A typical method using special picking rules is the Randomized Hough Transform (RHT) [27]. This method is based on the idea that each point in an n-dimensional Hough space of parameters can be exactly defined by an n-tuple of points from the input raster image. Instead of accumulation of a hypersurface in the Hough space for each point, n points are randomly picked and the corresponding accumulator in the parameter space is increased. The advantages of this approach are mostly its rapid speedup and small storage. Unfortunately, when detecting lines in a noisy input image, the probability of picking two points from the same line is small, decreasing the probability of finding the true line.

Another approach based on repartitioning the Hough space is represented by the Fast Hough Transform (FHT) [14]. The algorithm assumes that each edge point in the input image defines a hyperplane in the parameter space. These hyperplanes recursively divide the space into hypercubes and perform the Hough transform only on the hypercubes with votes exceeding a selected threshold. This approach reduces both the computational load and the storage requirements.

Using principal axis analysis for line detection was discussed by Rau and Chen [21]. Using this method for line detection, the parameters are first transferred to a one-dimensional angle-count histogram. After transformation, the dominant distribution of image features is analyzed, with searching priority in peak detection set according to the principal axis.

The Hough transform also provides space for parallel implementations using special hardware such as a distributed memory multiprocessor [25], graphics hardware [24], pyramid multiprocessors [1] or reconfigurable architectures [19].

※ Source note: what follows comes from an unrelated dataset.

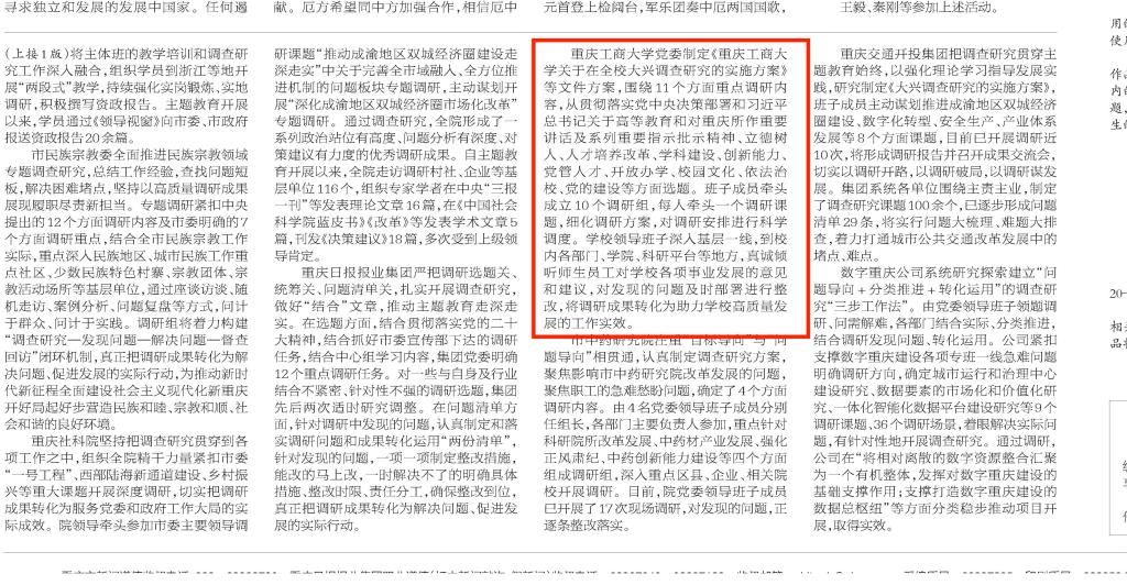5月16日,重庆日报以《重庆第一批主题教育单位扎实开展调查研究》为题,报道我校扎实开展调查研究。报道中指出,学校党委制定《重庆工商大学关于在全校大兴调查研究的实施方案》等文件方案,围绕11个方面重点调研内容,从贯彻落实党中央决策部署和习近平总书记关于高等教育和对重庆所作重要讲话及系列重要指示批示精神、立德树人、人才培养改革、学科建设、创新能力、党管人才、开放办学、校园文化、依法治校、党的建设等方面选题。班子成员牵头成立10个调研组,每人牵头一个调研课题,细化调研方案,对调研安排进行科学调度。学校领导班子深入基层一线,到校内各部门、学院、科研平台等地方,真诚倾听师生员工对学校各项事业发展的意见和建议,对发现的问题及时部署进行整改,将调研成果转化为助力学校高质量发展的工作实效。

Recently, Dubská et al. [6] presented PClines—a new parameterization of lines based on parallel coordinates. Since this parameterization and the parallel coordinates are not common knowledge, we will give a detailed description of that parameterization (which is fundamental for the algorithm presented in this study) in the following section.

3 PClines: line detection using parallel coordinates

Parallel coordinates (PC) were invented in 1885 by d'Ocagne [4] and they were further studied and popularized by Inselberg [12]. The coordinate system used for representing geometric primitives in parallel coordinates is defined by mutually parallel axes. Each N-dimensional vector is represented by (N − 1) lines connecting the axes (see Fig. 1). In this text, we will be using an Euclidean plane with a uv Cartesian coordinate system to define positions of points in the space of parallel coordinates. For defining these points, a notation \({(u,v,w)_{\mathbb{P}^2}}\) will be used for homogeneous coordinates in the projective space \({\mathbb{P}^2}\) and \({(u,v)_{\mathbb{E}^2}}\) will be used for Cartesian coordinates in the Euclidean space \({\mathbb{E}^2. }\)

Fig. 1
figure 1

Representation of a 5-dimensional vector in parallel coordinates. The vector is represented by its coordinates C 1,..., C 5 on axes x 1 ,..., x 5 , connected by a complete polyline (composed of 4 infinite lines)

In the two-dimensional case, points in the xy space are represented as lines in the space of parallel coordinates. Representations of collinear points intersect at one point—the representation of a line (see Fig. 2).

Fig. 2
figure 2

Three collinear points in parallel coordinates: (left) Cartesian space and (right) space of parallel coordinates. Line ℓ is represented by point \(\overline{\ell}\) in parallel coordinates

Based on this relationship, it is possible to define a point-to-line mapping between the original xy space and the space of parallel coordinates. For some cases, such as line \(\ell:y=x, \) the corresponding point \(\overline{\ell}\) in the parallel coordinates lies in infinity (it is an ideal point) and the points on this line are represented by the parallel horizontal lines. Projective space \({\mathbb{P}^2}\) (contrary to the Euclidean \({\mathbb{E}^2}\) space) provides coordinates for these special cases. A relationship between line \(\ell: ax+by+c=0\) (denoted as [a, b, c]) in cartesian coordinates and its representing point \(\overline{\ell}\) in parallel coordinates can be defined by mapping:

$$ \ell: [a, b, c] \to \overline{\ell}:(db,-c,a+b)_{{\mathbb{P}}^2}, $$
(1)

where d is the distance between parallel axes x′ and y′.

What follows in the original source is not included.